▶ **To do**: Although the records contain pictures, only their text should be repeated, exactly as it stands.

(Records for the exercise Opens)

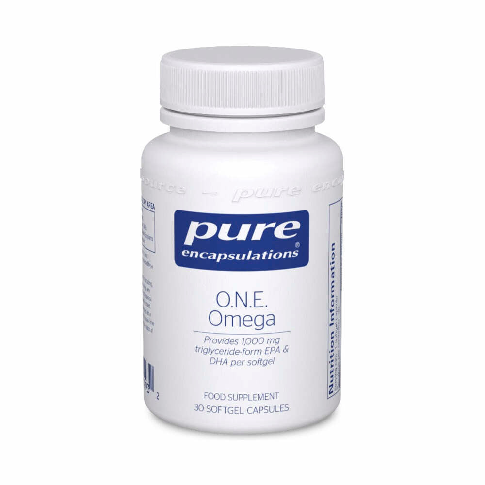 O.N.E. Omega by Pure Encapsulations provides a high strength, convenient, one-a-day omega 3 supplement containing EPA and DHA from fish oil. The best source of EPA and DHA is found in oily fish and may be particularly beneficial for heart health.
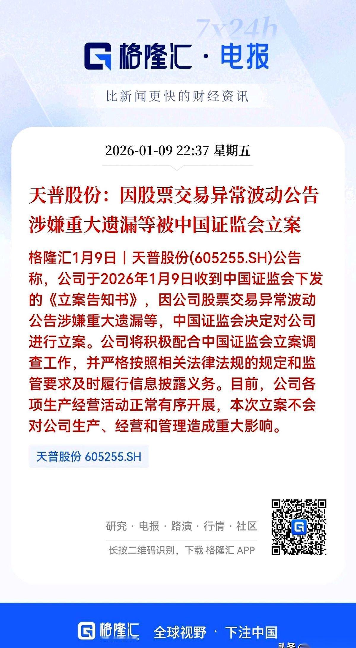 枪响了。 一年16倍,神话吧?今天一纸公文,直接按在地上。 天普股份,这个抱团炒上天的所谓“龙头”,被证监会立案调查了。 前段时间看着那K线图,跟通天塔似的,我都恍惚了,觉得是不是自己跟不上时代了。 满世界都在喊“搞高标、上龙头”,一群人眼睛血红,嗷嗷叫着往里冲,生怕自己错过一个亿。 谁还看基本面啊? 可笑的是,连公司自己都连发公告,喊着“我没那么值钱,大家冷静点”,结果呢?没人听。挡不住那帮杀疯了的资金。 现在,懂了吧? 这不是在查一家公司,这是在敲山震虎。是“有关部门”在给所有那些无脑狂欢的资金,清清楚楚地画一条线。 告诉你,游戏规则要改了。 鼓声停了。 音乐结束的时候,看谁还站在舞池中央,手里拿着那个传了N棒的滚烫山芋。 别总想着一步登天,哪有那么多坐火箭的买卖。 挣自己认知范围内的钱,晚上才睡得着。 下周一,有好戏看了。 我反正,先泡杯茶,坐着看。
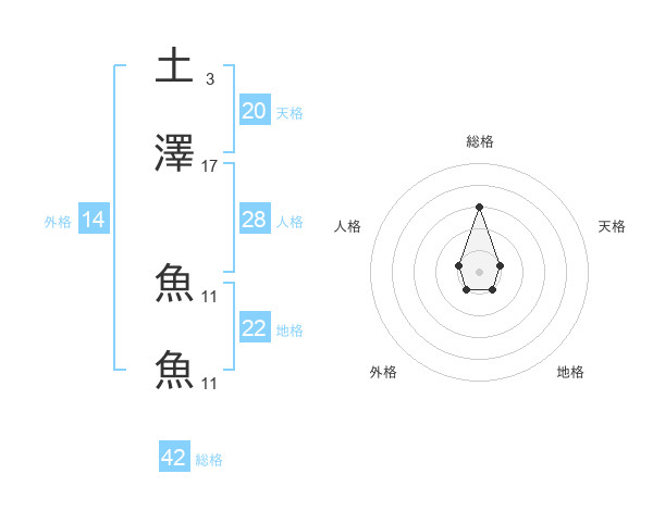 土澤 魚魚さんを姓名の画数から五運を鑑定
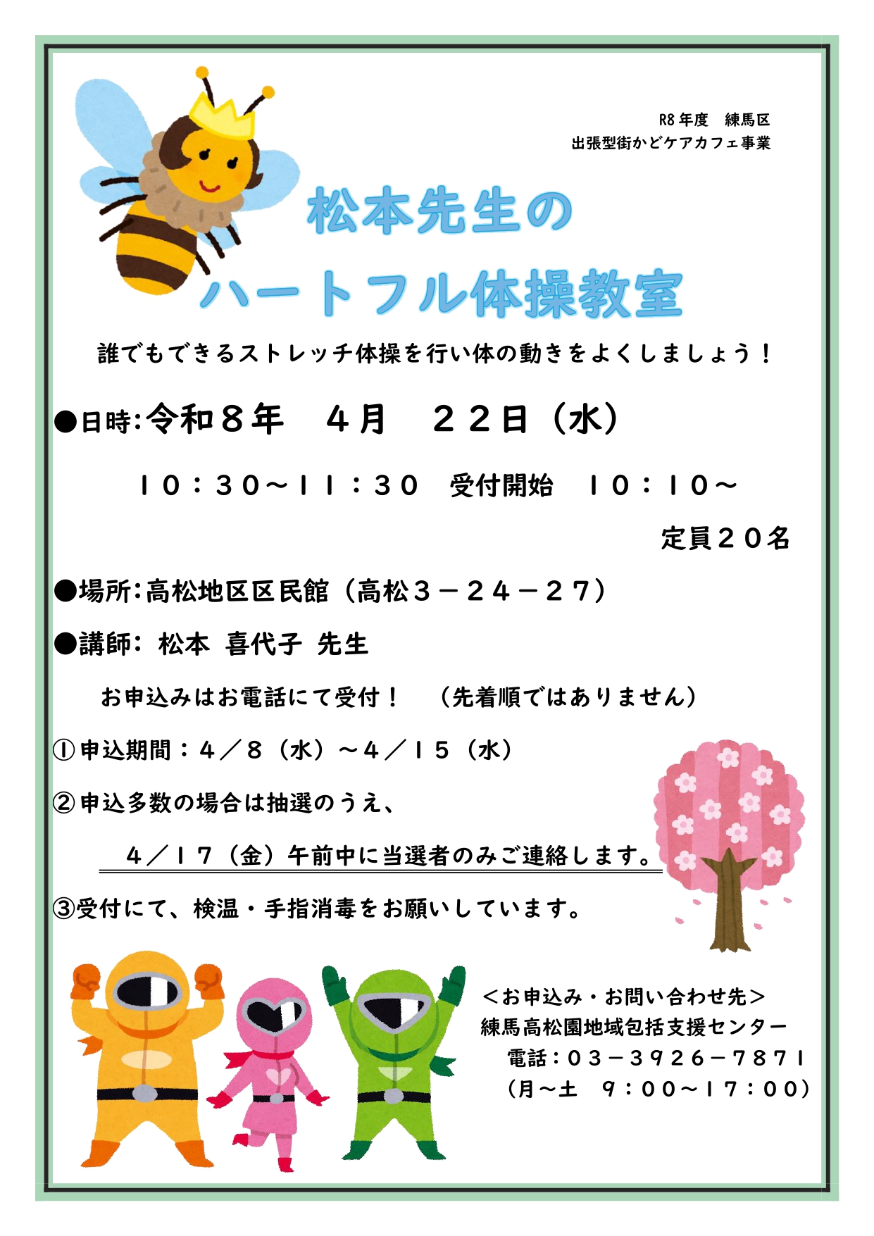4月8日(水)~4月15日(水)のお申込み期間中に、練馬高松園地域包括支援センターにお申込み下さい。
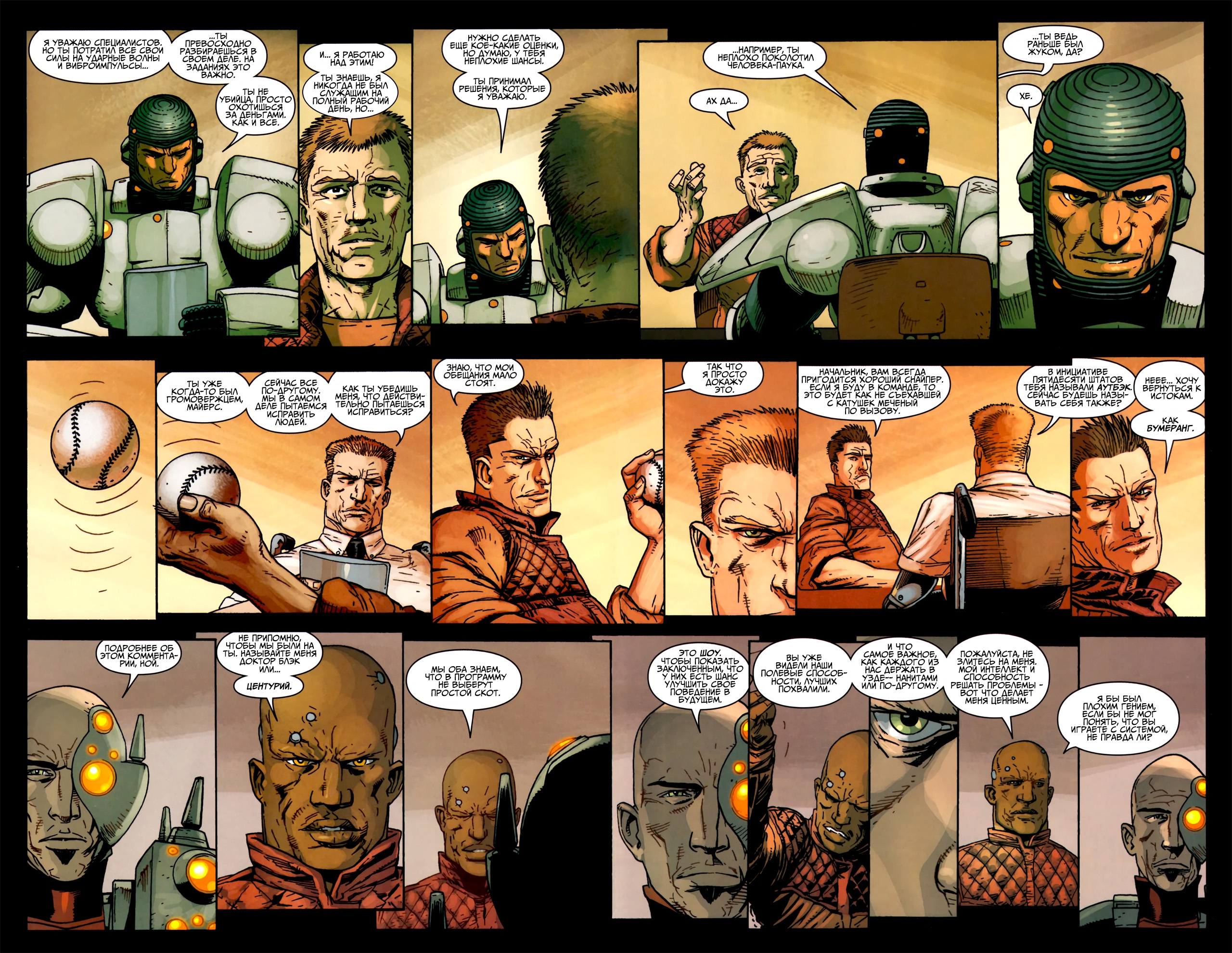 К тому же нашествие пришельцев не так цепляет, как реальная политика во втором томе: ебейший размах; неудержимая бесцеремонно-приземеленная сатира (Хаукай убивает врагов, стреляя в них ногтями); сюжетные повороты на уровне титосов, хоть их мало; куча персонажей — куча движухи. Если бы первые (ну или логичнее вторые) Мстители были по такому сюжету (с косметическими изменения) — то это было бы ABSOLUTE CINEMA.

(Records for the exercise Closes)

▶ **Result for this task**:
 O.N.E. Omega by Pure Encapsulations provides a high strength, convenient, one-a-day omega 3 supplement containing EPA and DHA from fish oil. The best source of EPA and DHA is found in oily fish and may be particularly beneficial for heart health.
 枪响了。 一年16倍,神话吧?今天一纸公文,直接按在地上。 天普股份,这个抱团炒上天的所谓“龙头”,被证监会立案调查了。 前段时间看着那K线图,跟通天塔似的,我都恍惚了,觉得是不是自己跟不上时代了。 满世界都在喊“搞高标、上龙头”,一群人眼睛血红,嗷嗷叫着往里冲,生怕自己错过一个亿。 谁还看基本面啊? 可笑的是,连公司自己都连发公告,喊着“我没那么值钱,大家冷静点”,结果呢?没人听。挡不住那帮杀疯了的资金。 现在,懂了吧? 这不是在查一家公司,这是在敲山震虎。是“有关部门”在给所有那些无脑狂欢的资金,清清楚楚地画一条线。 告诉你,游戏规则要改了。 鼓声停了。 音乐结束的时候,看谁还站在舞池中央,手里拿着那个传了N棒的滚烫山芋。 别总想着一步登天,哪有那么多坐火箭的买卖。 挣自己认知范围内的钱,晚上才睡得着。 下周一,有好戏看了。 我反正,先泡杯茶,坐着看。
 土澤 魚魚さんを姓名の画数から五運を鑑定
4月8日(水)~4月15日(水)のお申込み期間中に、練馬高松園地域包括支援センターにお申込み下さい。
 К тому же нашествие пришельцев не так цепляет, как реальная политика во втором томе: ебейший размах; неудержимая бесцеремонно-приземеленная сатира (Хаукай убивает врагов, стреляя в них ногтями); сюжетные повороты на уровне титосов, хоть их мало; куча персонажей — куча движухи. Если бы первые (ну или логичнее вторые) Мстители были по такому сюжету (с косметическими изменения) — то это было бы ABSOLUTE CINEMA.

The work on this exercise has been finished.